Focused attention. Focusing your attention helps to free your mind from distractions that cause stress and worry. You can focus your attention on a mantra, your breathing, or on a specific object, such as an image.
An open perspective. While meditating, you maintain an open perspective, letting distractions, such as emotions and thoughts, come and go naturally, without judgment.
Relaxed breathing.The Mayo Clinic emphasizes the importance of relaxed breathing when meditating. When you breathe deeply with an even pace your breathing slows down. You also reduce the use of shoulder, neck, and upper chest muscles, allowing you to breathe more efficiently.
The NCCAM overview also presents useful summaries of recent studies of meditation, as it relates to stress-reduction programs.
In addition, the NCCAM overview summarizes meditation studies related to specific medical conditions, such as anxiety, high blood pressure, irritable bowel syndrome, smoking cessation, and other conditions.
Herbert Benson, M.D., Harvard Medical School, and other researchers conducted studies, finding that TM Meditation brought about bodily changes, such as a drop in heart rate and a drop in breathing rate, which Benson later named, the “Relaxation Response,” in his book of the same name [see References at the end of this blog].
The following two steps are the most important to bring about the Relaxation Response, according to Benson’s book:
Repeat a word, sound, phrase, or prayer.
Disregard everyday thoughts, without judging them, and return to your repetition.

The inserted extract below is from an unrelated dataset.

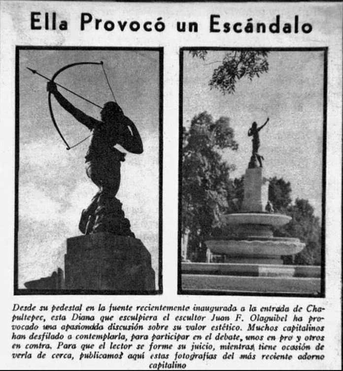 On October 10, 1942, the bronze sculpture was inaugurated in La Puerta de Los Leones. Her original name was: “La flechadora de las estrellas del norte” (“The Arrow of the North Stars”) and her impact on society at the time was such that they ordered her to wear a loincloth.

If you have one minute, two minutes, or three minutes, you may try, “Mini-relaxation exercises,” from the Harvard HEALTHBeat e-newsletter. For example, while sitting, breathe slowly and deeply in the following way:
As you breathe in, quietly repeat slowly to yourself, “I am.”
As you breathe out, repeat slowly to yourself, “at peace.”
Tips to Remember:
When under stress, your body reacts by releasing hormones that produce the “fight-or-flight” response. Your heart rate and breathing rate increase and blood vessels narrow, restricting the flow of blood.
In contrast, the Relaxation Response slows the heart rate, lowers blood pressure, and decreases levels of stress hormones.
Relaxation techniques are generally safe, but there is limited evidence of usefulness for specific health conditions.
Relaxation techniques include a number of practices, such as progressive relaxation, guided imagery, and deep breathing exercises.
Relaxation techniques often combine breathing and focused attention, to calm the mind and the body.
Most relaxation techniques can be self-taught.
Do not use relaxation techniques as a replacement for conventional care or to postpone seeing a doctor about a medical problem.
A disclaimer: The information presented in this blog should not replace the medical advice of your doctor. You should not use this information to diagnose or treat any disease without first consulting with your medical doctor or other healthcare provider.
Benson, Herbert, M.D., with Miriam Z. Klipper. The Relaxation Response. Updated edition, paperback. New York: HarperCollins Publishers, Inc., 2000. [Hardcover edition published by William Morrow and Company, Inc., 1975].